Part 1. Revisting common command line commands#

✅ Do this: Before you dive into today’s activity, take a moment to remind yourself of some of the commands that came up in the pre-class assignment. If you don’t remember what they do, check in your with your group or your instructor.

Note: there might be a few in this list that didn’t come up, so make note of them and figure out what they do!

  • clear

  • pwd

  • ls

  • cd [directory]

  • cd ..

  • cd .

  • cd ~

  • cd -

  • cd /

  • touch [new file]

  • cp

    • cp [file] [new file]

    • cp -r [folder] [new folder]

  • mv

    • mv [path to file/folder] [new path to file/folder] (note that this can be used for relocating files or renaming files)

  • rm

    • rm [file]

    • rm -r [folder]

  • less [file]

  • more [file]

✅ Do this: Remind yourself how you can interact with Python on the command line as well by revisiting these commands:

  • python

    • import random

    • random.randint(1,100)

    • exit()

  • ipython

    • import numpy as np

    • np.linspace(0,100,5)

    • ls

    • pwd

    • cd

    • exit()

Part 2. Downloading files from the command line using curl#

Not only can you create, move, copy, and delete files on the command line, there are also commands that allow you to download files from the internet.

One such command for doing this is the curl command. Since you may not be familiar with this command, one option would be to do a quick google search for “curl unix command” which would bring up a page like this one: https://www.tutorialspoint.com/unix_commands/curl.htm

Of course, most command line commands also have a built-in set of documentation that explains what the command does and how it works. You can access this using the man command, to access the “manual” for that command.

🗒️ Task: Open up a new Terminal in JupyterHub. Once you’re there, try running the following command:

man curl

This command should bring up the manual for the curl command. You can step through this file one line at a time by pressing Return or Enter on your keyboard, or if you want to page through a page at a time you can press F or B to move forward and backward respectively. To quit out of the manual page, press Q.

🗒️ Task: Now that you can access the manual for the curl command, use it or the internet link provided above to answer the following questions:

  1. What information does the curl command need to download a file from the internet?

  2. Does curl save the data to a file by default or does it just output to the terminal? If it doesn’t output it to a file by default, what flag (using - or --) do you need to use to make it do so? Is there more than one flag that can do this? To test this out, you can experiment a bit by using the README.md file from the supplemental repository for the course:

    • https://raw.githubusercontent.com/msu-cmse-courses/cmse802-supplemental/main/README.md

✏️ Answer:

🗒️ Task: Using what you’ve learned, what would be the command to download the README.md file from the course website such that it is saved using the same filename?

✏️ Answer:

Confirm that you’re right by running your command on your terminal (if you haven’t done so already). Once you’re sure it works as intended, feel free to delete that file using rm.
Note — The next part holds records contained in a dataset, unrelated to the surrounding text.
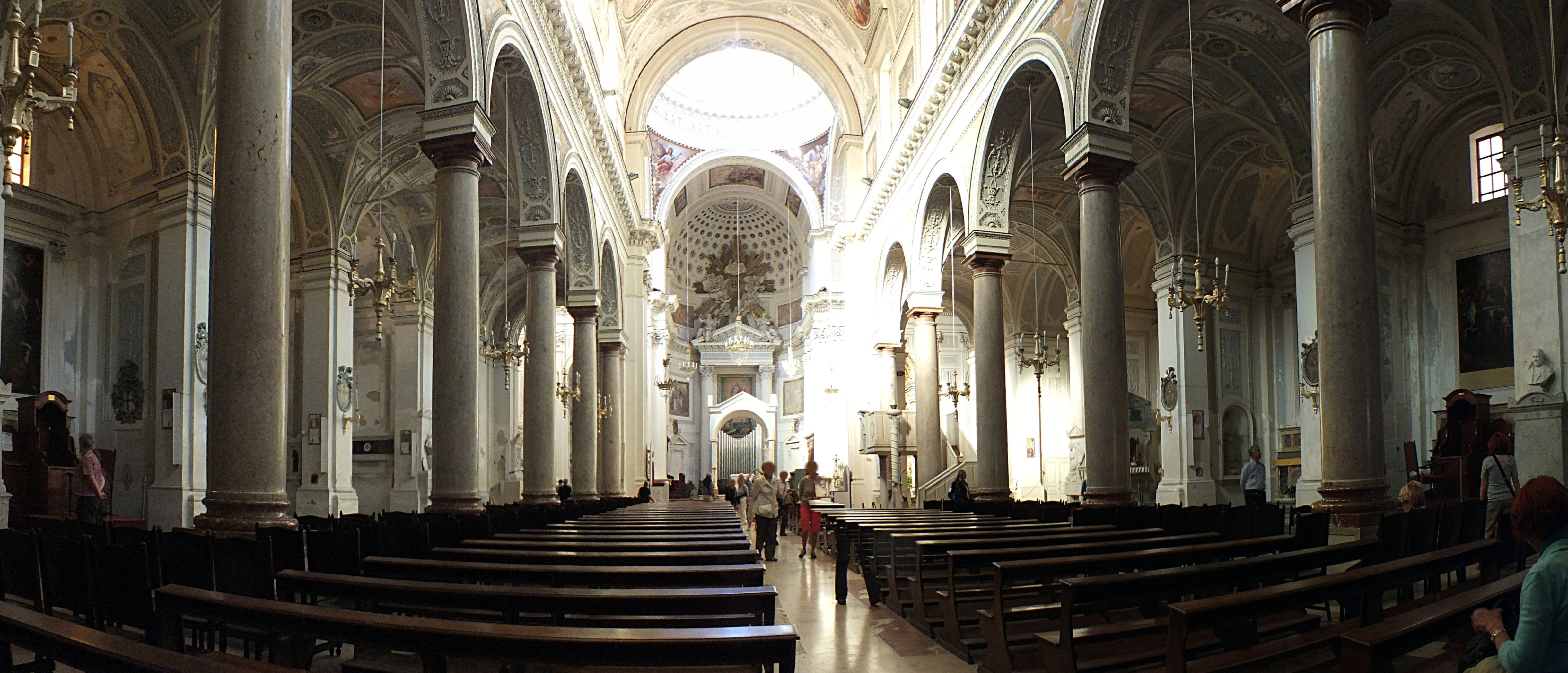 Trapani, Italien: Kathedrale San Lorenzo
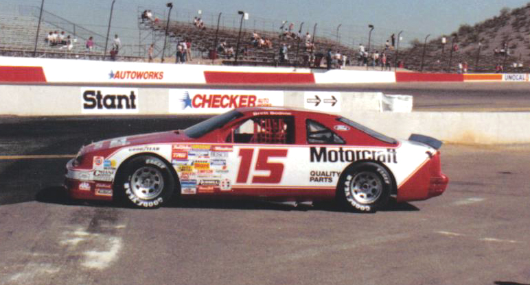 The Bud Moore owned Motorcraft Ford Thunderbird of Brett Bodine finished 19th in the 1989 Checker Autoworks 500.
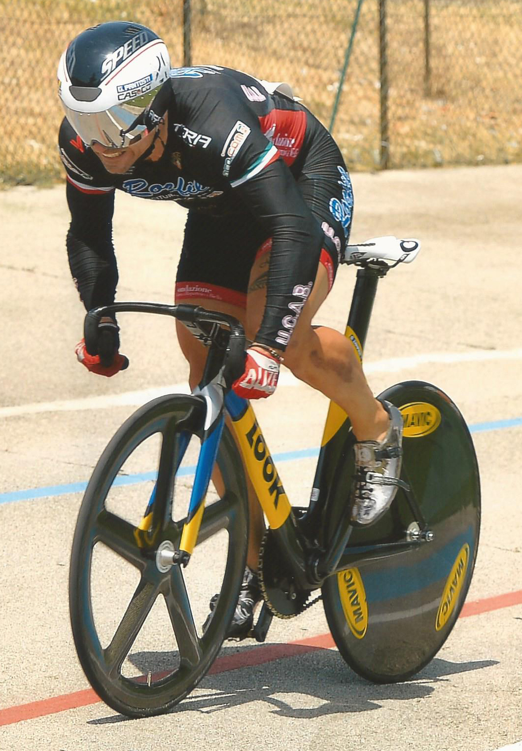 Dario Zampieri in azione ad Ascoli in occasione dei Campionati Italiani Assoluti di Velocità e Keirin
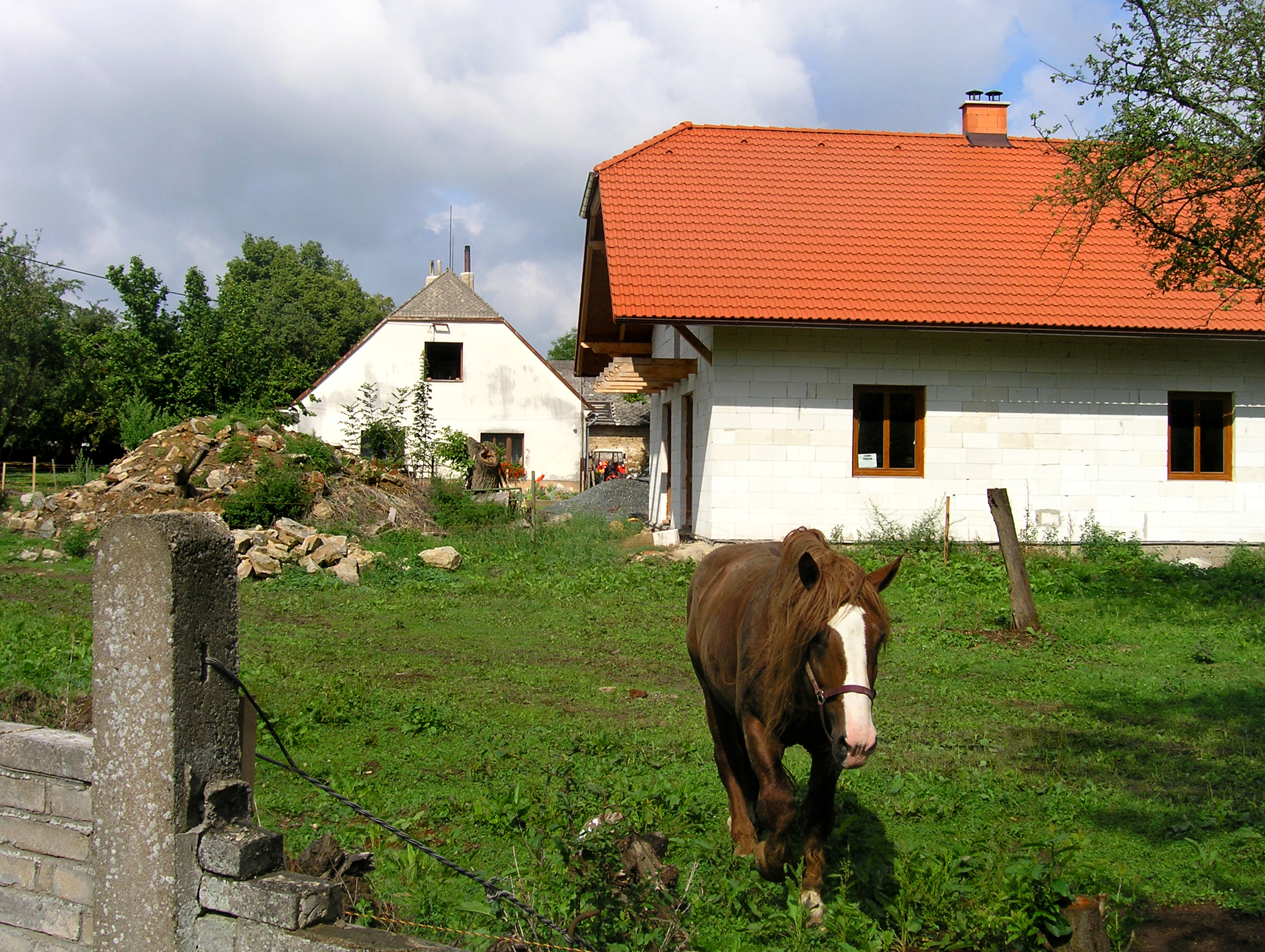 Radvančice, part of Zbraslavice, Czech Republic
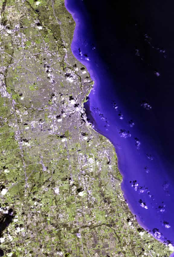 The raw satellite imagery shown in these images was obtain from NASA and/or the US Geological Survey. Post-processing and production by
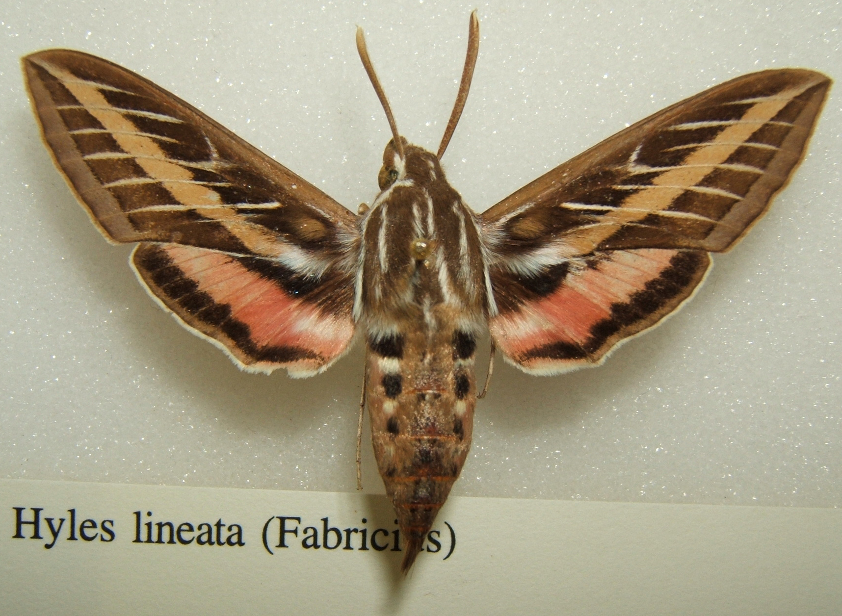 Hyles lineata adult taken by Shawn Hanrahan at the Texas A&M University Insect Collection in College Station, Texas.
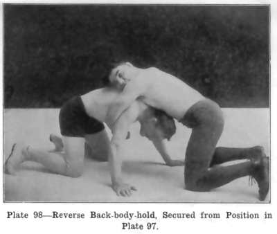 Reverse Back-body-hold as illustrated the scan of Plate 98 in Lessons in Wrestling & Physical Culture.
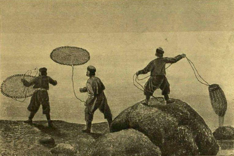 Fishing in Crimea (Ukraine) From the book of János Jankó A magyar halászat eredete (The source of the Hungarian fishing), 1900.
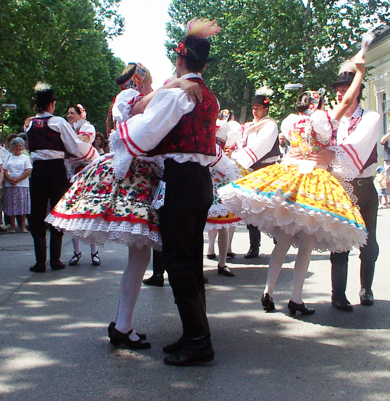 Voivodina Hungarians (Kupusina and Doroslovo) national costume and dance.
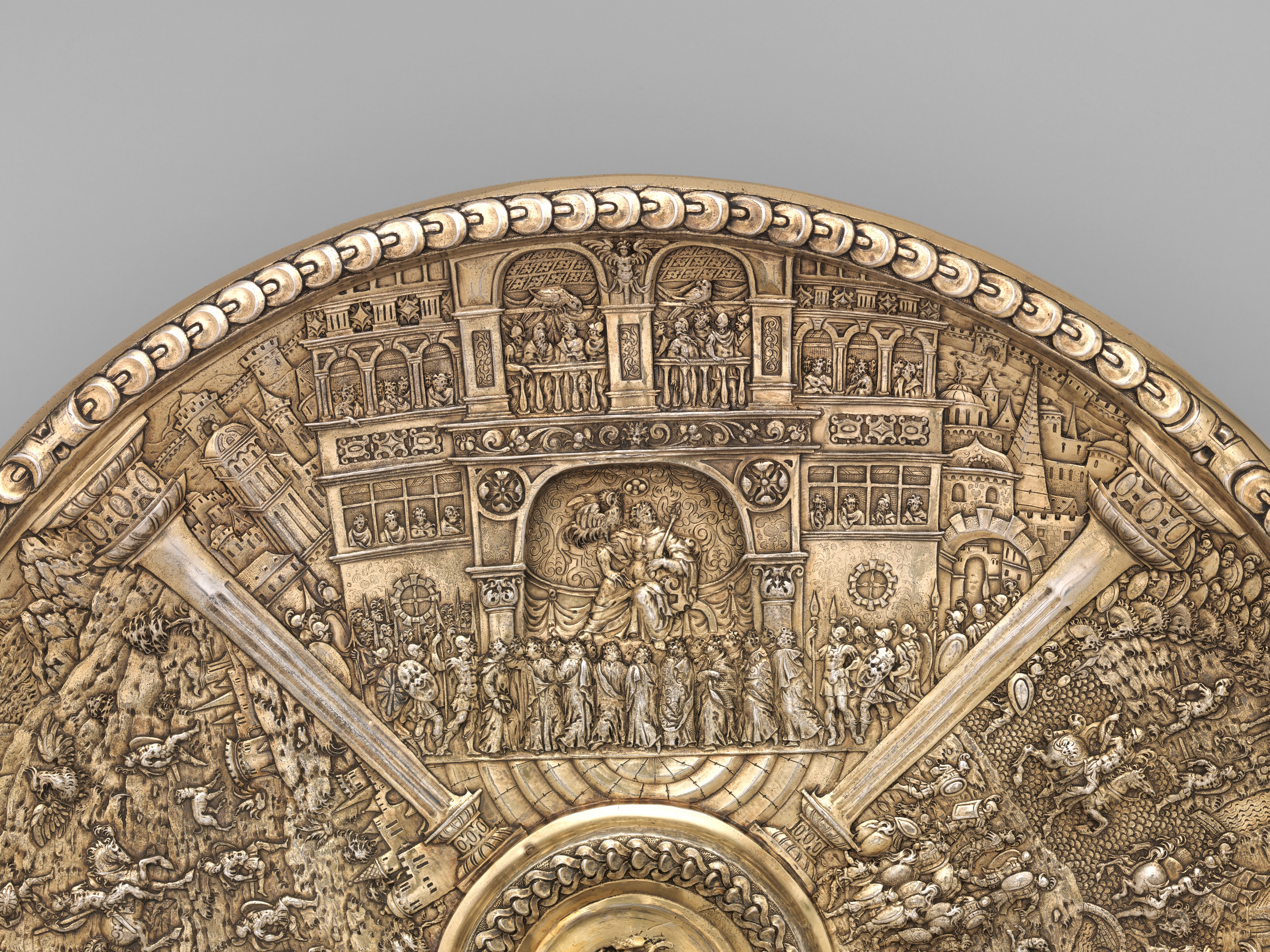 Netherlandish?; ; Metalwork-Silver In Combination

Part 3. Setting up a CMSE 802 directory using the command line#

If you’ve haven’t already, in this section you’re going practice setting up a directory structure for storing content related to CMSE 802 using CLI.

🗒️ Coding Task: Using the command line interface, do the following:

  • Looking at the schedule on the class website create folders for the next three days of materials (e.g. Day03_VersionControl etc.).

  • Double-check that everything worked by running the pwd and ls commands to poke around in your new directories.

Copy in the code cell below the commands you used to complete the task.

### ANSWER

✏️ Answer:

Part 4. Modifying a Python script, but this time with the vi text editor#

In the Pre-class you have practice modifying scripts using an IDE, but you might find yourself in situations in which you can’t use an IDE and need to use the command line interface. Let’s try that now.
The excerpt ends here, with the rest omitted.